Later, Nancy could not recall whether or not you brought back from the communal showers the wire basket you kept your toiletries in (they were not found in your dorm room). Nancy mentions in one of her statements that abandoned items in the bathrooms were generally either stolen or thrown away.

At 9:30 p.m., you met your friends at the Manhattan Cafe, where you were told that the Michael Stipe rumor was false. Someone mentioned that the band was touring in Asia. Someone else said they were in California.

There was an overall sense of disappointment, but it was agreed that you all might as well stay for drinks. It was Monday night. Everyone but you had classes the next day, a fact that later worked to your disadvantage, because Nancy assumed you had gone home to finish your laundry and we assumed that you were at school.

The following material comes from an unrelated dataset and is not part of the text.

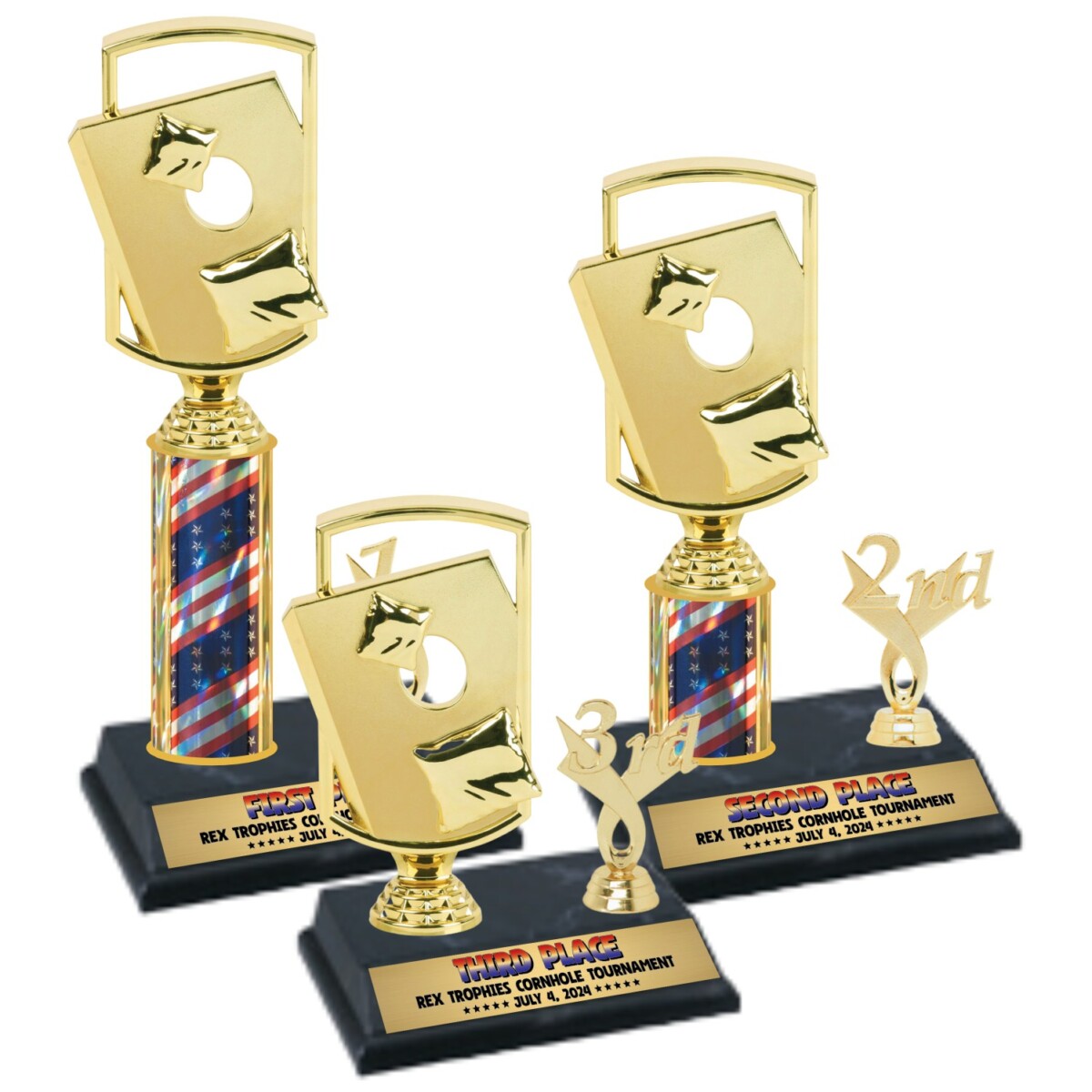 Nothing beats a traditional trophy like our Cornhole Trophy! The Cornhole Trophy is great for everything from friendly family competitions to large corporate cornhole events. Just choose from a handful of placement titles, enter your competition name and a date, and our Trophy Artists will handle the rest. Ordering a silly little trophy has never been easier!

The first round was Pabst Blue Ribbon, which the Manhattan served for a dollar each. At some point later, you were seen holding a Moscow Mule, a cocktail that sold for $4.50 and featured vodka, Blenheim ginger ale, and lime. Nancy Griggs indicated that a man must have purchased the drink because all the girls had a habit of asking for the expensive cocktail whenever a man was paying.

A song you liked came on the jukebox. You started dancing. Someone said the song was by C+C Music Factory. Others said it was Lisa Lisa. Regardless, your enthusiasm was contagious. Soon, what little floor space there was in the club was taken up with dancers.